I recently received a comment from one of the reviewers regarding the use of modification indices (MI) so as to improve my model fit. It says that this approach generally lacks interpretability and there should be a reference to the literature regarding the specific threshold above which corrections are necessary, for example, 3.84.

In another video i saw the minimum threshold for MI to be 20.

Now I understand that error covariances should be used to the minimum. In my work I have kept the threshold limit for MI (above 20) which led to me introduce 3 error covariances. Prior to this I had also checked for low factor loadings (0.5) and also the standardised residual values (below 2) and none of the items fell in that front. The error variances were drawn between similiar meaning items from the same factor,

My original model fit as indicated by the following fit indices: χ²(164) = 393.6, χ² /df= 2.4, CFI = 0.895 , GFI=0.805,  RMSEA = 0.091.
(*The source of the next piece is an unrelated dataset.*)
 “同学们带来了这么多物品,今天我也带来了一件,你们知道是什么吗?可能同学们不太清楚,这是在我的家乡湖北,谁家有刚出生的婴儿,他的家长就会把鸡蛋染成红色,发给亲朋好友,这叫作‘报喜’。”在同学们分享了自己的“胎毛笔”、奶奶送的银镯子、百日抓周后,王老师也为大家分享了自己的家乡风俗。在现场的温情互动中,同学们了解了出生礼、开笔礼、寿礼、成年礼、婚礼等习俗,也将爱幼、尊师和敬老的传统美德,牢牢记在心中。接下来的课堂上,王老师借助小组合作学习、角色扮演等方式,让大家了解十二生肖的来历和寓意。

After introducing MI it was χ² /df=2.061, CFI= 0.927, GFI=.841, AGFI=.793, TLI=.914, RMSEA= 0.077

I would be grateful on your suggestions on two things:

1) Should I introduce the MI considering the model fit before that was close to average in the first place.

2) If yes, what would be the best way to address the reviewers comment and make changes to the paper so as to get a positive response.

I would really appreciate any help in this regard.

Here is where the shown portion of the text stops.